LAER or LAAR, Pieter van, commonly called Bamboccio, is spoken of by his friend Sandrart as a native of Haarlem; but Houbraken, and others after him, say that he was born in the village of Laren, near Naarden, on the Zuyder Zee. He must have been born early in the seventeenth century, as he was in Rome in 1623; for he lived there sixteen years, and left it in 1639, and settled in Haarlem, where he died. The period of his death, however, is likewise unknown; but in 1675, when Sandrart's great work was published, he was already dead, and he may have died some few years previously to that date, about 1673. The origin of his name of Bamboccio is likewise doubtful; Sandrart and his contemporary Passeri say he was so called from his deformity, and accordingly his pictures, which are peculiar in their style, are called Bambocciate, as the works of Bamboccio. Pieter was very much deformed, having a very short neck and body, and very long legs. He was, however, of a good and cheerful disposition, and appears to have been a much loved companion. Nicolas Poussin and Claude were his intimate friends. Laer's pictures are of the ordinary among out-door incidents of Italian life, with small figures—fairs, markets, village scenes, &c.; monks and mountebanks, beggars and banditti; and often with good landscape backgrounds, warm in colouring, and executed with great spirit. He also etched a few plates of animals, but his horses are not in good style or condition. His pictures are very rare. The Dutch call him Bamboots. Sandrart has published his portrait, and it was copied by Houbraken. Passeri gives rather a bad account of his habits, and says he died in 1642, aged about forty-eight. These figures may apply to an elder brother; he seems to have had two, Roeland and J. O. van Laer.—R. N. W.
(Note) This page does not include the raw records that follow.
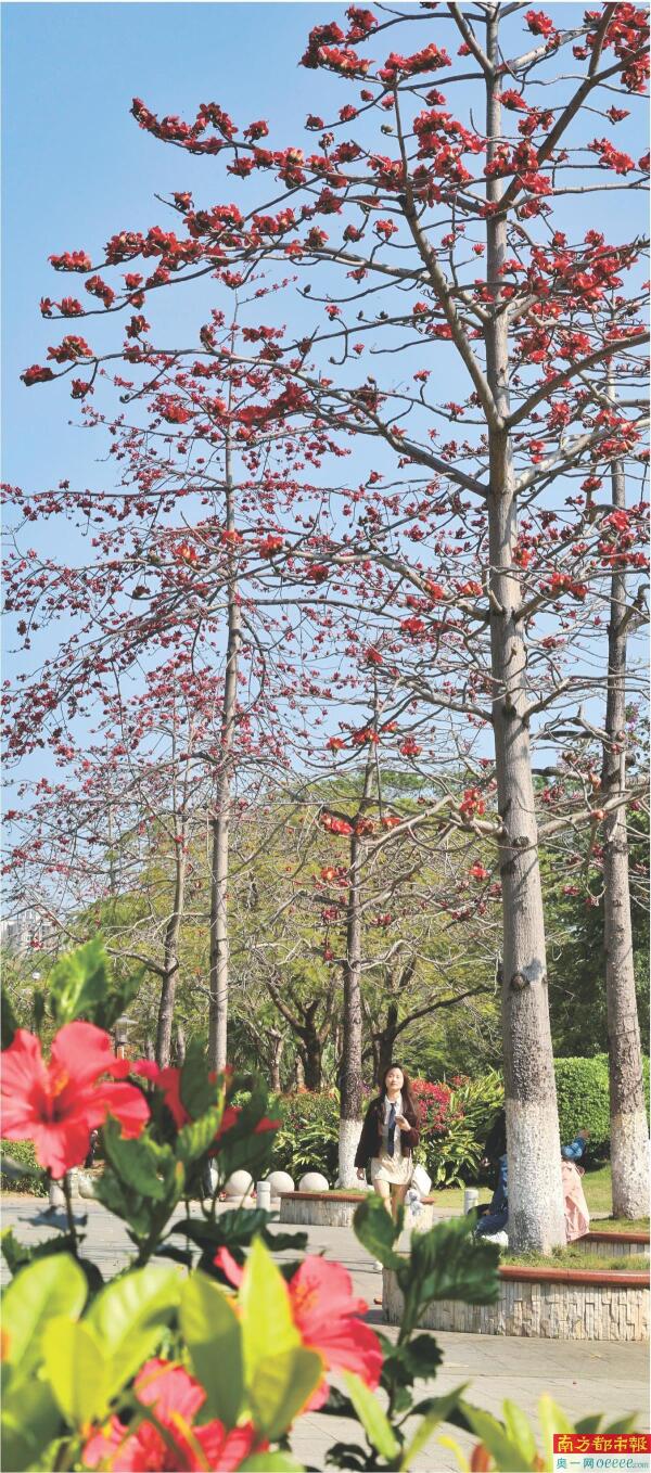 广州黄埔区市民广场上的木棉树盛开。 南都记者 梁炜培 摄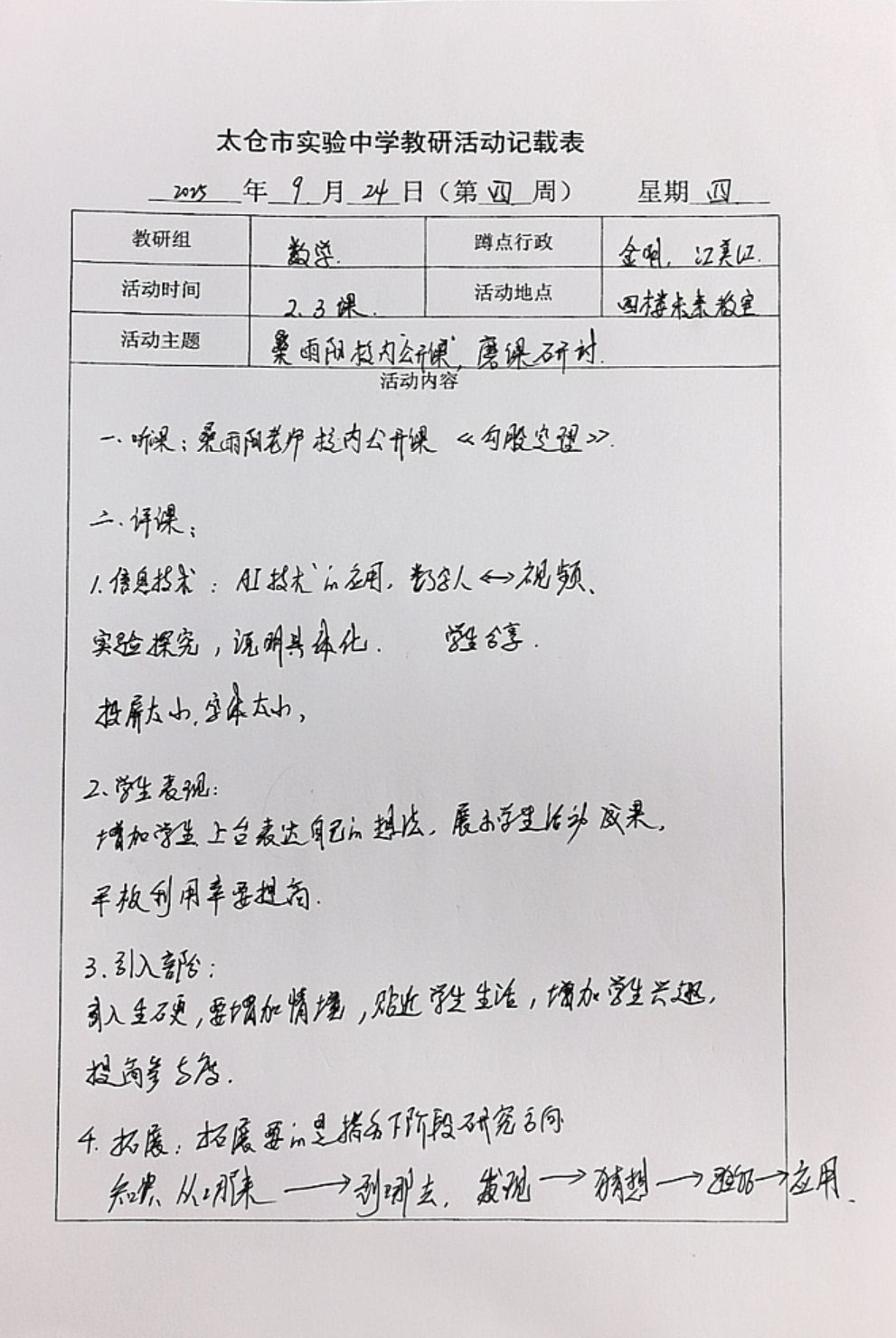 2025.9.24,桑雨阳老师开设校级公开课《勾股定理》,融合了AI、几何画板等信息手段,借助平板,让学生在线反馈结果,体现了数学与信息技术的跨学科融合。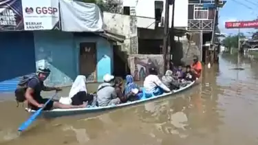 Banjir Hampir Dua Meter, Warga Gunakan Perahu untuk Keluar Rumah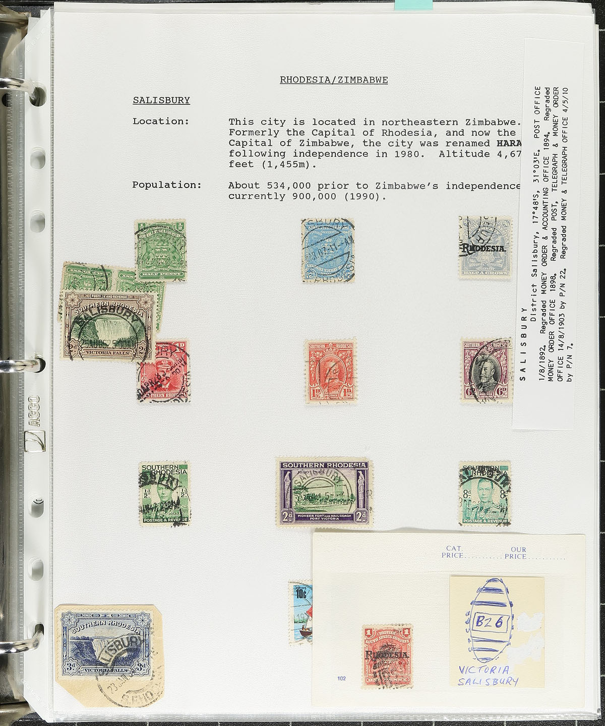 Specialized collection of Rhodesia and Zimbabwe town cancels, containing many hundreds of stamps on piece and a few covers in a thick binder. This specialized collection contains roughly 125 different towns ranging from H to Z, with at least one cover or a stamp representing each town including Inyati Mine, Mashava, Mount Selinda, Matoppos, Matebeleland, Queens Mine, Sebunga Poort, and much more, with material ranging from the 1890’s to the 1990’s. Almost all the cancels have been identified, and some pages having additional post office information, including scans of cancel types, locations, maps for each post office, and more. A nice specialized collection for the cancel collector, showing a few sample pages. Estimate =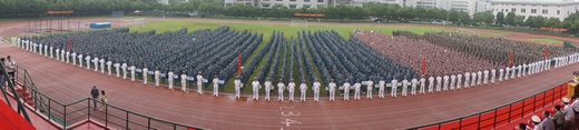 | 9月14日上午8:30,2014级学生开学典礼暨军训开训仪式在学校田径场举行。承训部队首长东海舰队司令部军务处处长王斌、主任秦大伟和宁波市海曙区人武部部长路德峰,我校党委书记蔡泽伟、校长姚奇富、党委副书记应金萍、纪委书记李振祥、副校长俞位增、徐永春、党委委员邱素芬及相关部门负责人出席了仪式并在主席台就座,全体教官、辅导员、2014级新生班主任、班级助理以及2014级全体学生参加了仪式。 开训仪式上,蔡泽伟首先向军训团授团旗,标志着校2014级学生军训正式拉开了帷幕。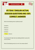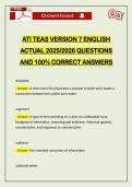 ATI TEAS VERSION 7 ENGLISH ACTUAL 2026 QUESTIONS AND 100% CORRECT ANSWERS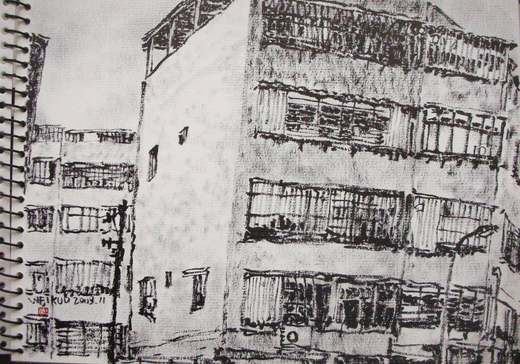 游走在擁擠狹小的巷弄內觀察各類老舊或新穎建築

LAFAGE, Raymond, a celebrated French designer and engraver, was born in 1656 at Lisle in Albigeois. He was a pupil of Rivalx, and spent several years in Rome and other cities of Italy. He led a dissolute life, and died in poverty in Paris or Lyons about 1690. Some authorities, however, place his birth in 1654, and his death in 1684. Lafage was a rapid and brilliant designer, and a clever engraver. His subjects were biblical, historical, and bacchanalian, and he executed his pen-drawings especially with great spirit. His drawings and engravings have always been popular. Eighty-six plates from his designs were published posthumously.—J. T—e.

* LA FARINA, Giuseppe, an Italian politician and author, was born in 1815 at Messina, and embraced the profession of an advocate. In 1837 he took part in the Sicilian insurrection, and fled the island at its disastrous close. He returned in 1839, and established several journals, which were all suppressed; and even his "Recollections of Rome and Tuscany" was prohibited. He betook himself to Florence, where he published two volumes of "Studies on the Thirteenth Century," and illustrated works on Italy, Switzerland, and China; as well as a history of Italy for the people (commenced at this time, but completed some time afterwards), and two historical dramas. In 1847 he started a democratic journal in Tuscany named L'Alba; and on the breaking out of the Sicilian revolution he became a member of the council of war, and deputy to the parliament. He took a leading part in voting the new constitution. In August, 1840, he became minister of the interior, of public works and of education, and subsequently of war; but when the constitution was finally crushed in 1849 he returned to Turin, where he has since published a "History of the Revolution in Sicily in 1848-49;" a "History of Italy from 1815 to 1850," 6 vols.; and a history of controversies between the civil and ecclesiastical power. In 1860, during the glorious campaign in Sicily, he was sent to Palermo by Cavour to counteract the political views of Garibaldi, and was expelled by the dictator from the island.—F. M. W.

LAFAYE, Antoine de, a Swiss protestant minister, a friend of Beza, was born at Châteaudun. Professor of philosophy and afterwards of theology at Geneva, he wrote several works on divinity, and a life of Beza, and translated Josephus and Livy into French. He died in 1615.—D. W. R.